I have a suite that keeps getting shut down a few times a day with the message, “database disk image is malformed”. A very similar suite that started about the same time doesn’t suffer from this problem.

One of our IT support checked the file, “~jtl548/cylc-run/u-bc711/log/db” and he says that normal sqlite3 tools do not show any problem with the file.

Can anyone suggest what might be going on and offer a possible solution?

Thank you.

Regards,

Jin

Hi Jin,

I’ve never seen that error, sorry (maybe others have, let’s see…).

If you’re only seeing the problem in one suite, that does suggest the suite database has been corrupted. Maybe your IT support person did not try to read the entire database?
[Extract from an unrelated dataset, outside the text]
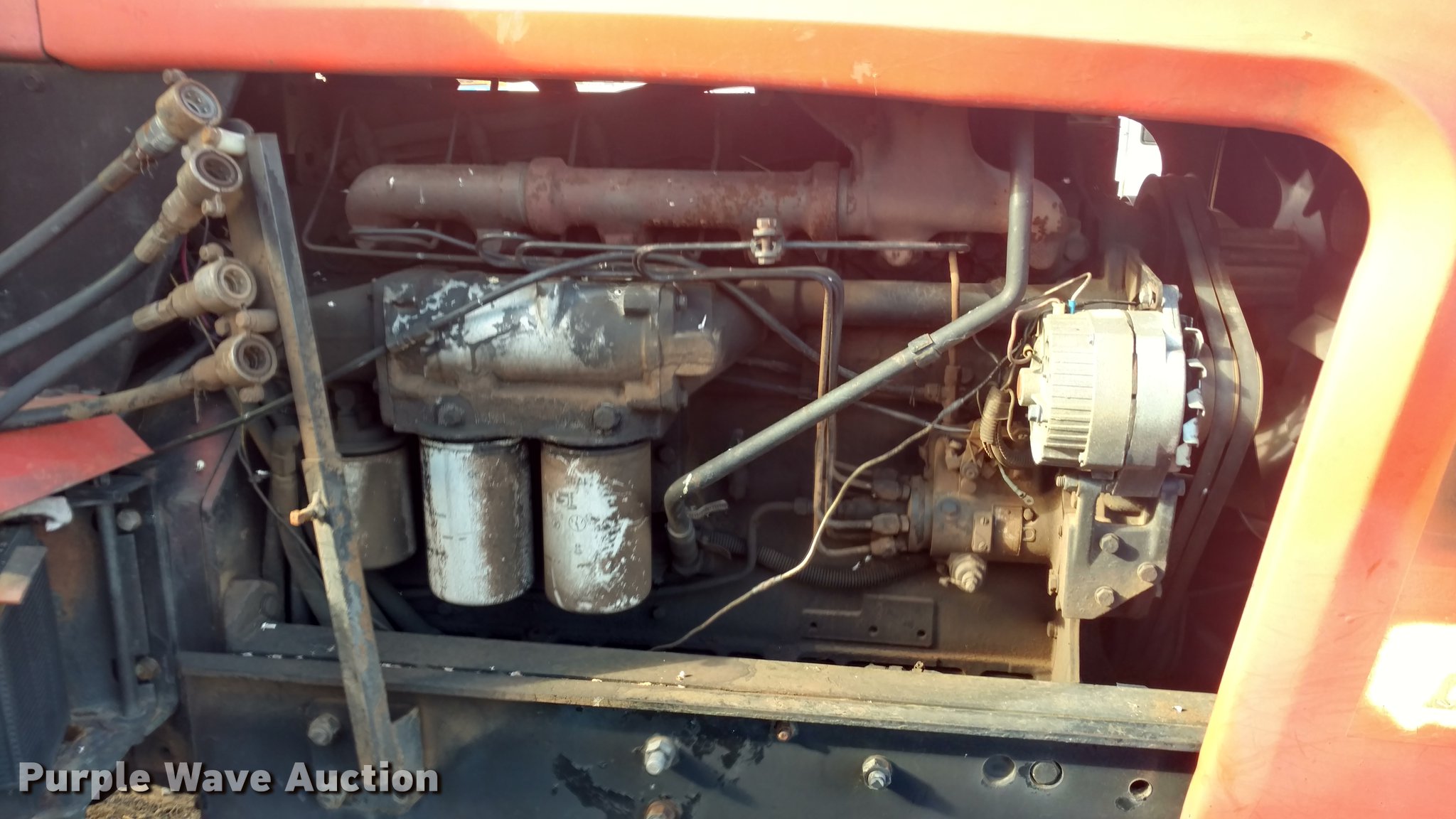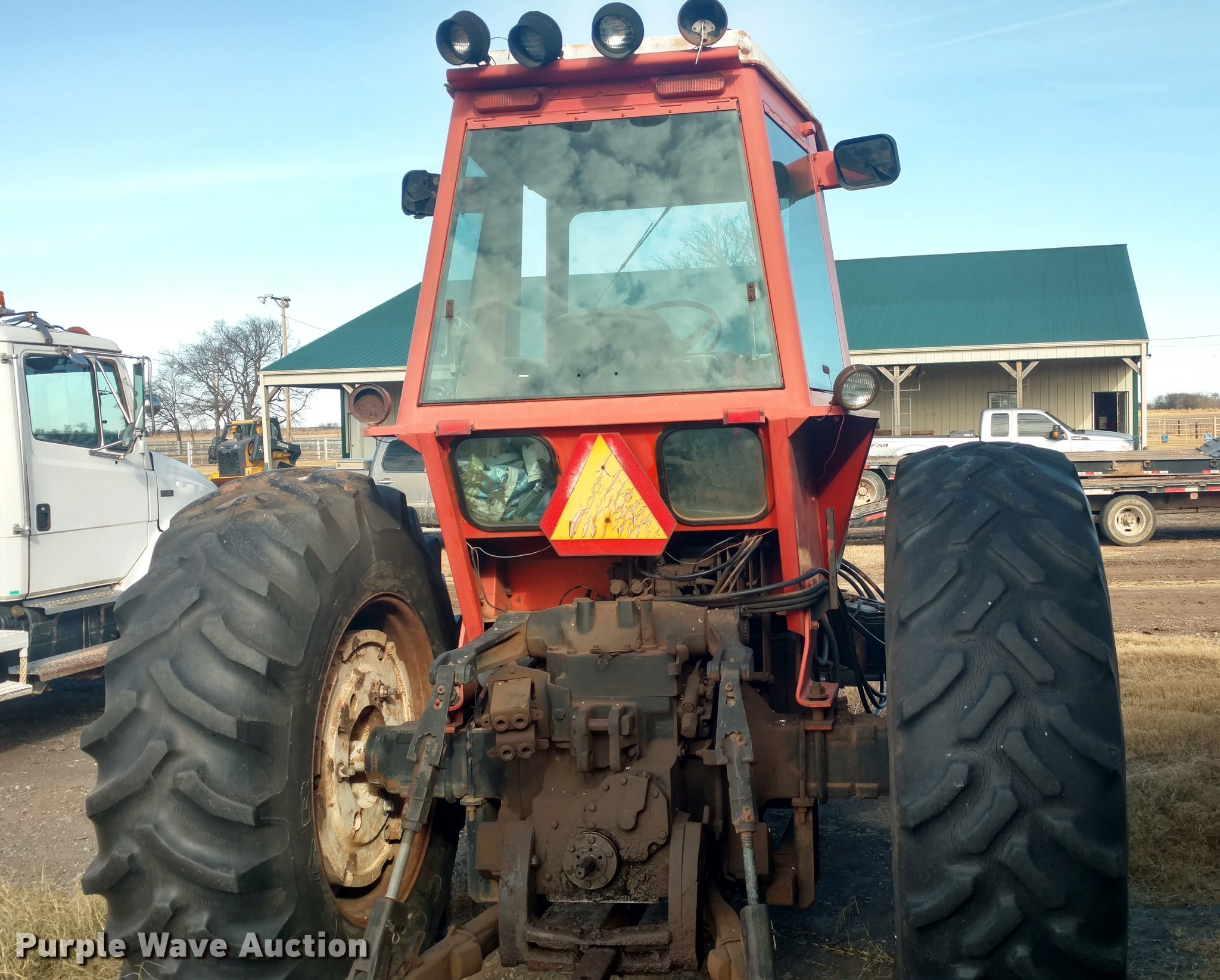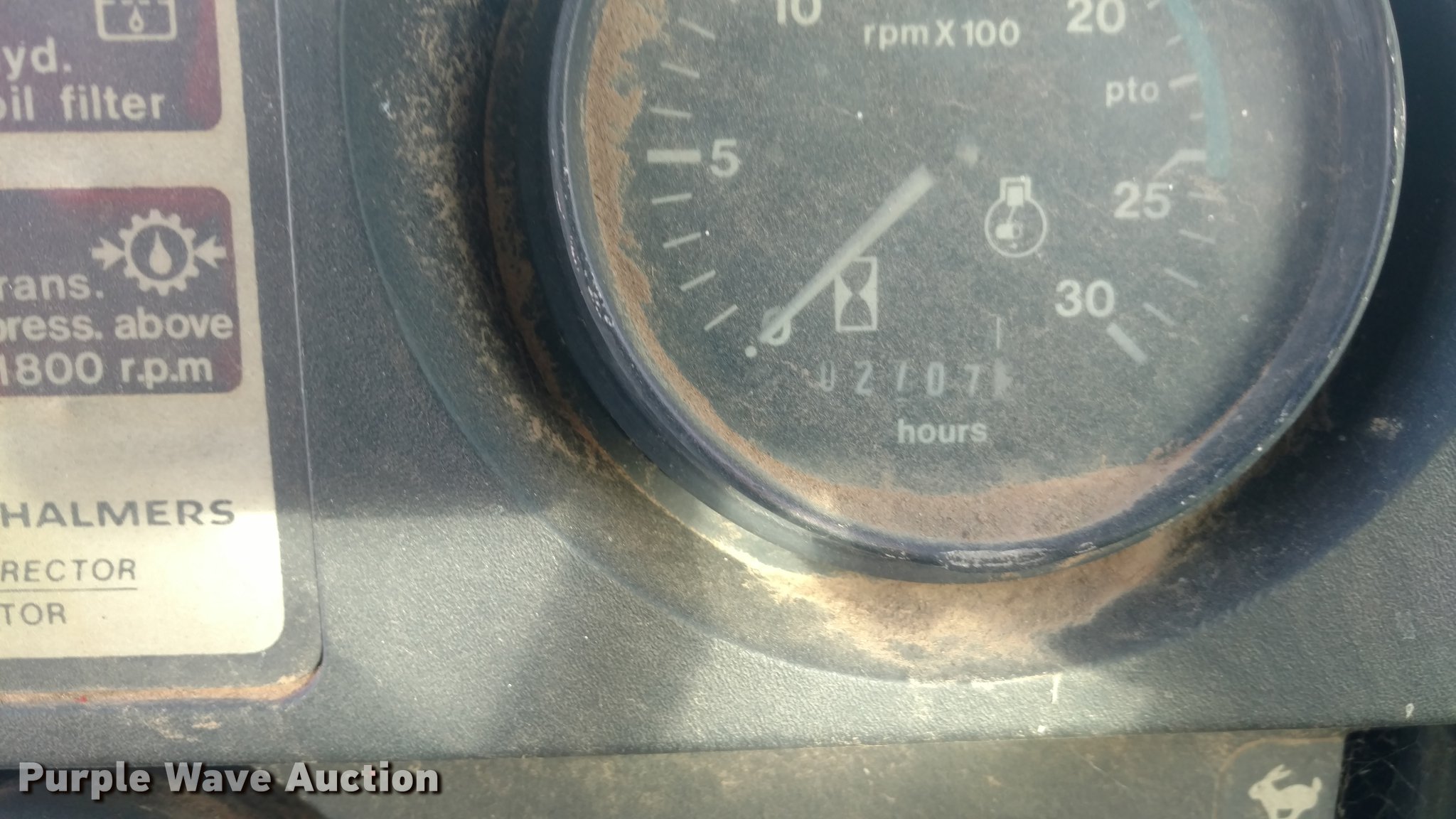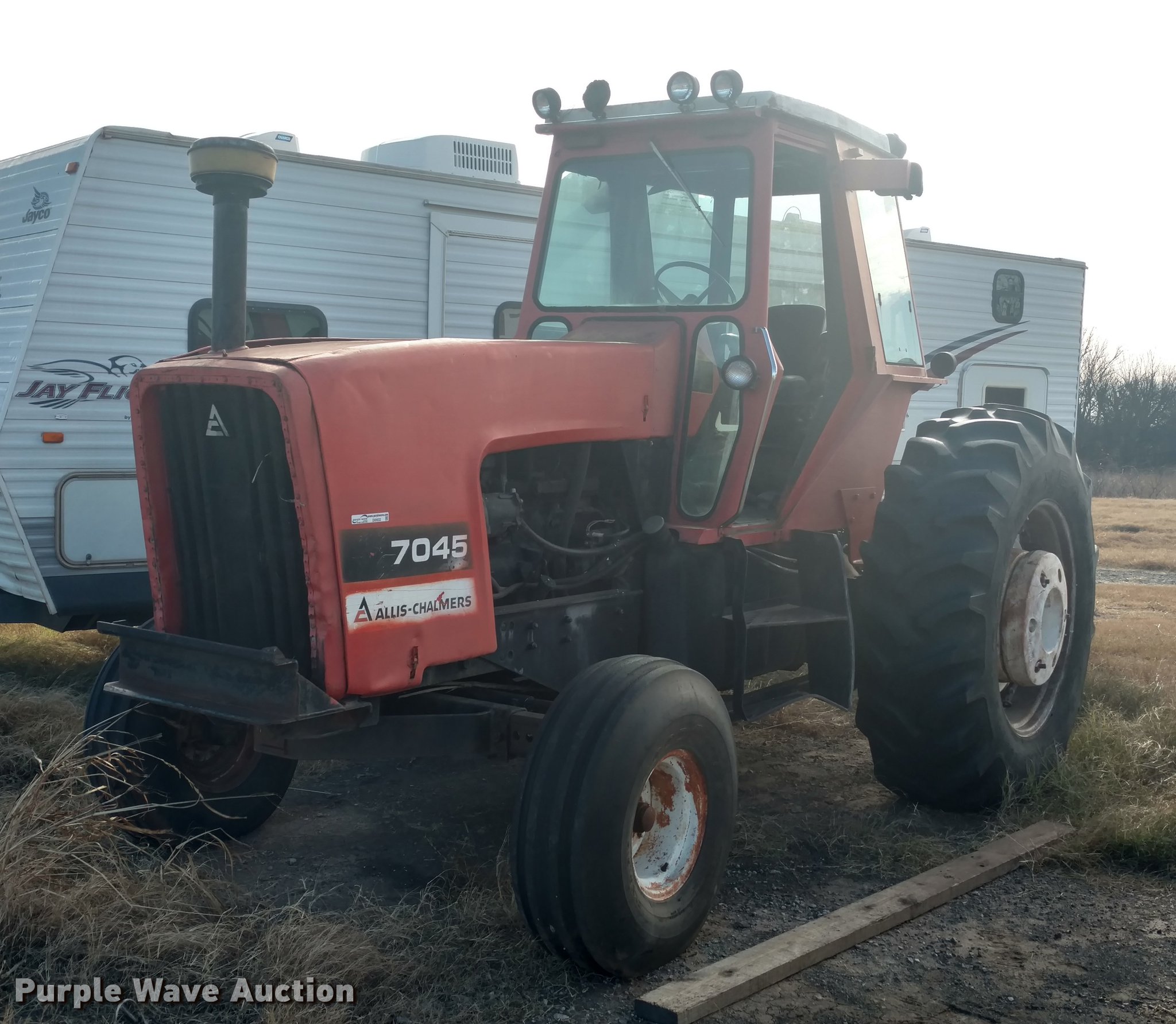 Purple Wave is selling a used Tractor in Oklahoma. This item is a Allis Chalmers 7045 tractor with the following: 2,107 hours on meter, Six cylinder diesel engine, Manual transmission, 20F-4R gears, Differential lock, AC and heat, Front and rear work lights, Three point, 540 PTO, Draw bar, (2) front hydraulic remote sets, (2) rear hydraulic remote sets, 11.00-16 front tires, 20.8-38 rear tires, Non-operational AC, Door missing, Radiator leaks, Battery weak

This page shows what appears to be a straightforward way to confirm the problem and fix it using sqlite3: https://starbeamrainbowlabs.com/blog/article.php?article=posts%2F315-sqlite-database-malformed.html

It might be worth a try.

Hilary

Hi Hilary,

I did what the page suggested,

accessdev:/home/548/jtl548/cylc-run/u-bc711/log> sqlite3 db ‘PRAGMA integrity_check’
ok

Perhaps, I will wait and see if there are others who have experienced this type of problem and have a solution.

Thanks.

Jin

You may also want to check the SQLite file at ~jtl548/cylc-run/u-bc711/.service/db.

Hi Hilary and Matt,

I fixed the 2 databases, “~/cylc-run/u-bc711/log/db” and “~/cylc-run/u-bc711/.service/db” following the instruction on the webpage that Hilary suggested (even though sqlite3 said they were OK). The suite ran for 3 days without the “database disk image is malformed” error occurring - in the past I would hit this problem everyday. However the problem didn’t go away entirely. I hit the problem this morning.

Hi Hilary and Matt,

I think I have located the cause of the “database disk image is malformed” error. It was to do with our Lustre file system. I switched to using the local disk of our server which acts as the localhost and the problem went away. I haven’t investigated exactly what aspect of the Lustre file system is causing the problem. Perhaps that’s for another day.

Hopefully this will help others who may encounter the same issue.

Thanks for the update @jinlee - that’s great (it would still be nice to know what’s going wrong if you use Lustre, but this sort of thing can be very hard to debug…).